*** Opening of DATA PROVIDED ***

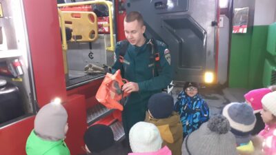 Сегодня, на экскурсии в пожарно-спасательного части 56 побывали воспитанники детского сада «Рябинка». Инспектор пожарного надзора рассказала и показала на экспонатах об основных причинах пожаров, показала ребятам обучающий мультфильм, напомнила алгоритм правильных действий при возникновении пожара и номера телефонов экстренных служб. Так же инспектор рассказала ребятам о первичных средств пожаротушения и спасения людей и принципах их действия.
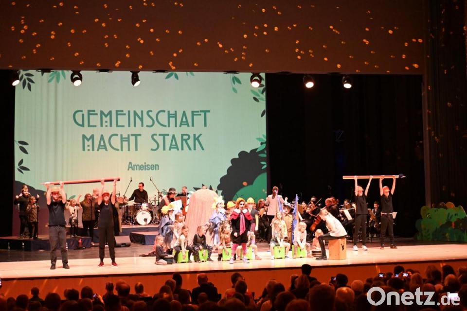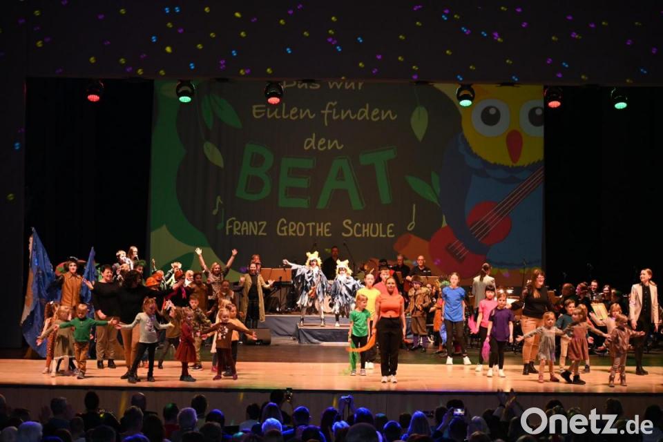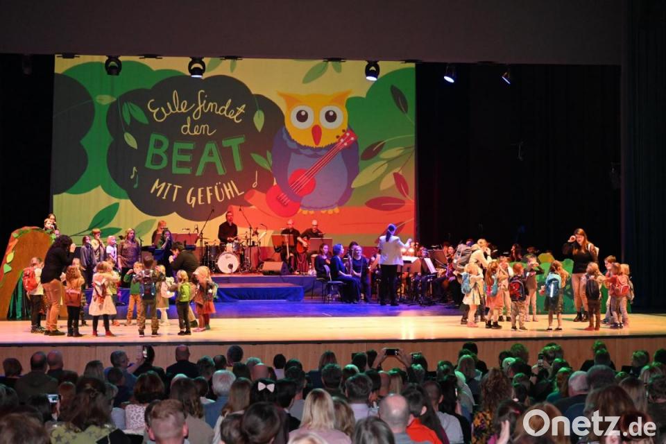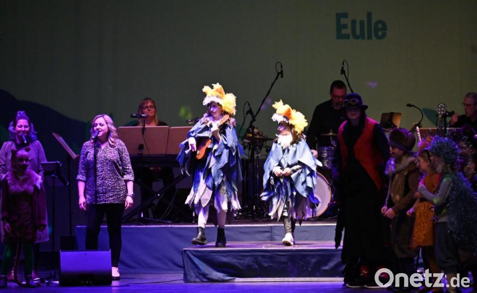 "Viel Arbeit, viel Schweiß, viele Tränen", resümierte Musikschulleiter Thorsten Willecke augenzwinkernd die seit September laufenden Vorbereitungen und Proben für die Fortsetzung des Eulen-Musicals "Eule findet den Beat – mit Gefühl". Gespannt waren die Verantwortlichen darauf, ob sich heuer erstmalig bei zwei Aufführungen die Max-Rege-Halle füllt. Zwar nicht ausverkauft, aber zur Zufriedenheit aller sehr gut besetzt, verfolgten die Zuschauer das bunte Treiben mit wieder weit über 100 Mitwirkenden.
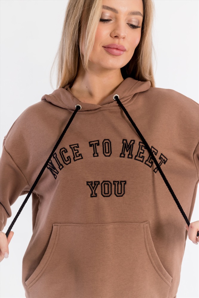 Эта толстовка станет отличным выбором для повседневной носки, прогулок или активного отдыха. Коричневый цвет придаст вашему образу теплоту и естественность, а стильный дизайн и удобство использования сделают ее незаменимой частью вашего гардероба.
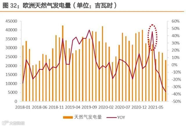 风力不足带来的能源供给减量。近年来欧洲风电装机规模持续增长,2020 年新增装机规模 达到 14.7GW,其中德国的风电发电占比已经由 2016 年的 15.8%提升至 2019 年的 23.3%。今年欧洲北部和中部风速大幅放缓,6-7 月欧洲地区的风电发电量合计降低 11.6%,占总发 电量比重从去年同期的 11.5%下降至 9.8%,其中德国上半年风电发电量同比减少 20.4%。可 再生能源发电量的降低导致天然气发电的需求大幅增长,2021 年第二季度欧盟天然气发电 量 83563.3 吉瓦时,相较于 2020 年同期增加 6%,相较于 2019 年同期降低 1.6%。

*** Close of DATA PROVIDED ***

• _WHAT YOU HAVE TO DO_:
Please write out all the data again word for word, but not the pictures.

• _EXERCISE RESULT_:
 Сегодня, на экскурсии в пожарно-спасательного части 56 побывали воспитанники детского сада «Рябинка». Инспектор пожарного надзора рассказала и показала на экспонатах об основных причинах пожаров, показала ребятам обучающий мультфильм, напомнила алгоритм правильных действий при возникновении пожара и номера телефонов экстренных служб. Так же инспектор рассказала ребятам о первичных средств пожаротушения и спасения людей и принципах их действия.
 "Viel Arbeit, viel Schweiß, viele Tränen", resümierte Musikschulleiter Thorsten Willecke augenzwinkernd die seit September laufenden Vorbereitungen und Proben für die Fortsetzung des Eulen-Musicals "Eule findet den Beat – mit Gefühl". Gespannt waren die Verantwortlichen darauf, ob sich heuer erstmalig bei zwei Aufführungen die Max-Rege-Halle füllt. Zwar nicht ausverkauft, aber zur Zufriedenheit aller sehr gut besetzt, verfolgten die Zuschauer das bunte Treiben mit wieder weit über 100 Mitwirkenden.
 Эта толстовка станет отличным выбором для повседневной носки, прогулок или активного отдыха. Коричневый цвет придаст вашему образу теплоту и естественность, а стильный дизайн и удобство использования сделают ее незаменимой частью вашего гардероба.
 风力不足带来的能源供给减量。近年来欧洲风电装机规模持续增长,2020 年新增装机规模 达到 14.7GW,其中德国的风电发电占比已经由 2016 年的 15.8%提升至 2019 年的 23.3%。今年欧洲北部和中部风速大幅放缓,6-7 月欧洲地区的风电发电量合计降低 11.6%,占总发 电量比重从去年同期的 11.5%下降至 9.8%,其中德国上半年风电发电量同比减少 20.4%。可 再生能源发电量的降低导致天然气发电的需求大幅增长,2021 年第二季度欧盟天然气发电 量 83563.3 吉瓦时,相较于 2020 年同期增加 6%,相较于 2019 年同期降低 1.6%。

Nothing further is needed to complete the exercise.